Exercise details>
Starting at the first line of the records and stopping at the line that contains "喊沙寨的農(nóng)民畫家", transcribe every line exactly and leave out the pictures.

Information shown>
··········

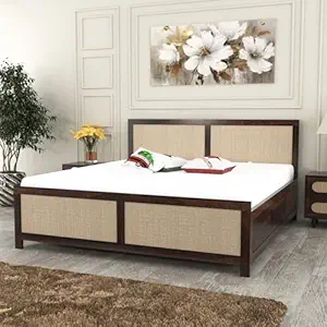 King Size Bed Rattan Cane With Storage Wooden bouble cot for Bedroom,Living Room & Hotel (5)
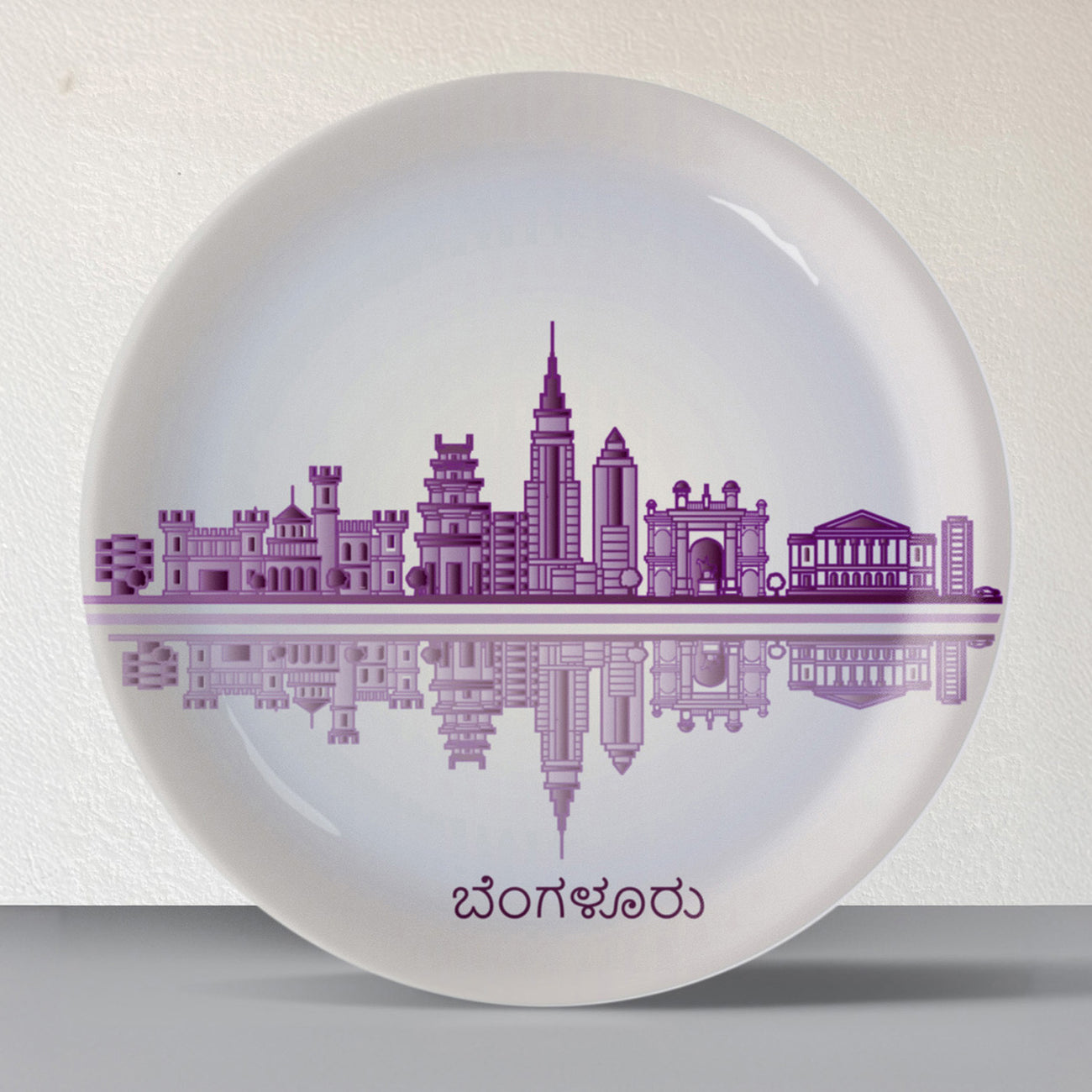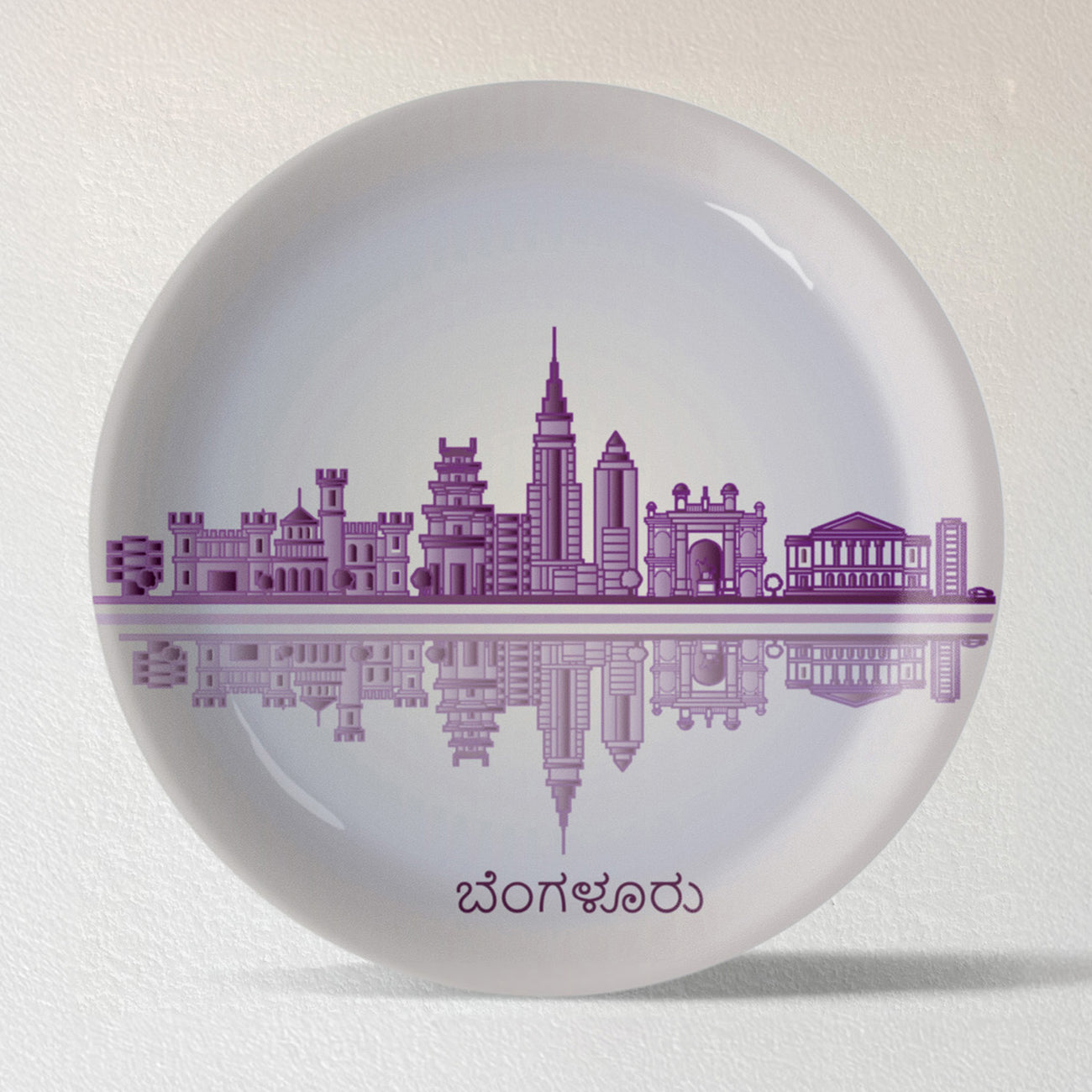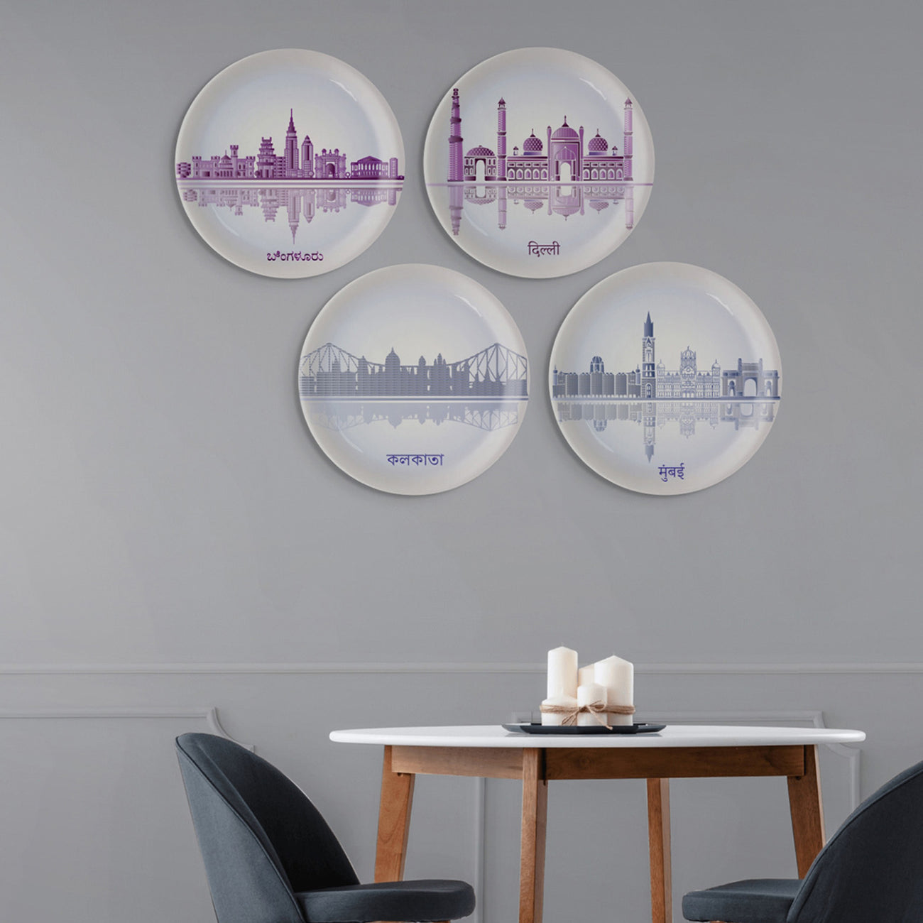 Urban Dreamscapes: Cityscape collage Artistry porcelain plate Set of 4
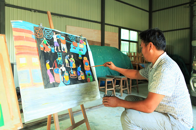 喊沙寨的農(nóng)民畫家吞也正在作畫,畫中描繪的是傣族群眾的釀酒過(guò)程
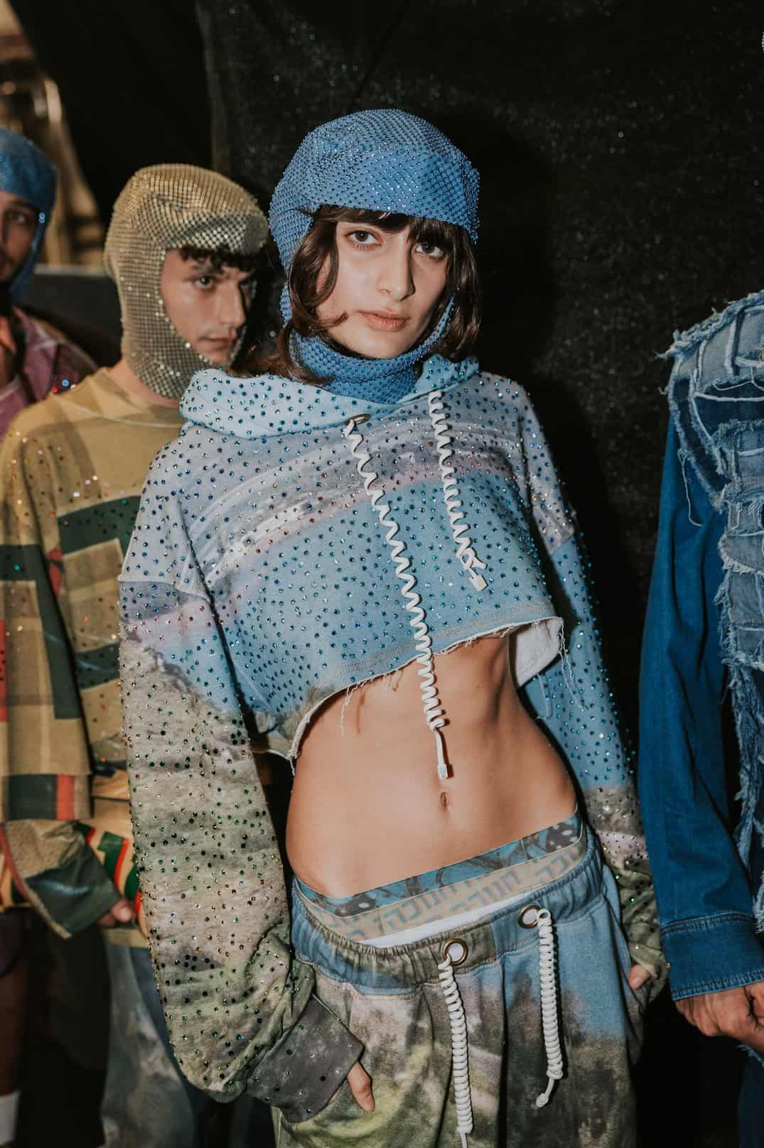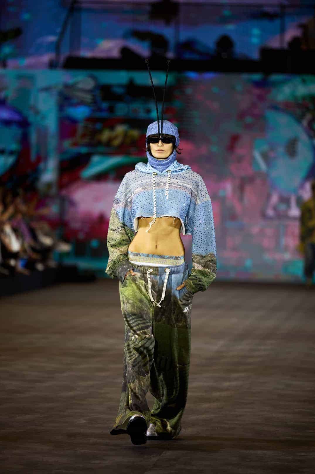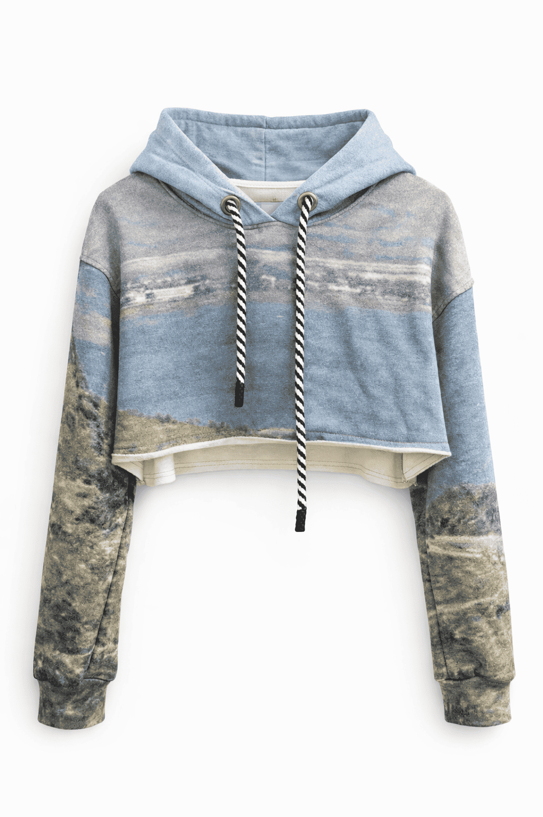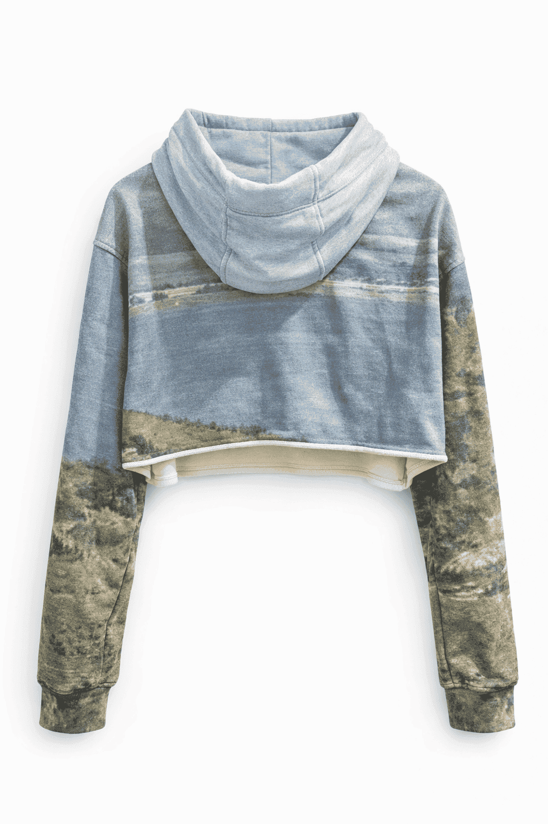Cropped heavy French terry hoodie featuring an all-over digital landscape print inspired by the Sea of Galilee.
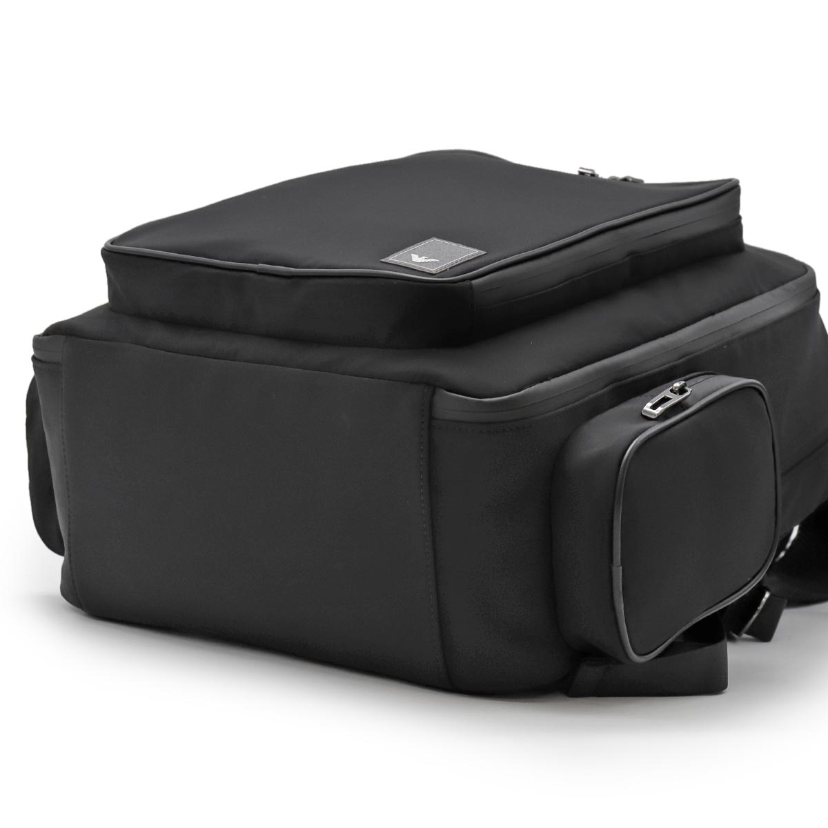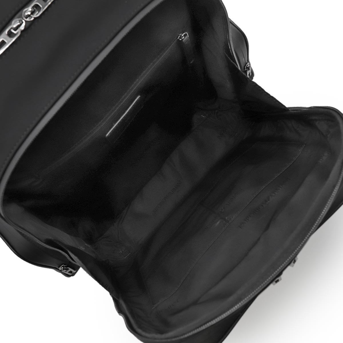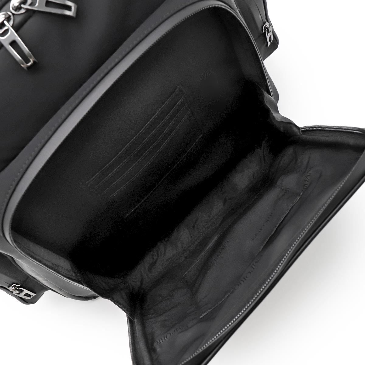 エンポリオアルマーニの【トラベル/TRAVEL】バックパックです。シックなブラックボディに合わせてファスナーもブラックで統一したクールなデザイン。収納が豊富で旅行などにとても便利。小旅行や街でのスポーツ、ジムなどに最適なバックパックです。

··········

Reply>
 King Size Bed Rattan Cane With Storage Wooden bouble cot for Bedroom,Living Room & Hotel (5)
 Urban Dreamscapes: Cityscape collage Artistry porcelain plate Set of 4
 喊沙寨的農(nóng)民畫家吞也正在作畫,畫中描繪的是傣族群眾的釀酒過(guò)程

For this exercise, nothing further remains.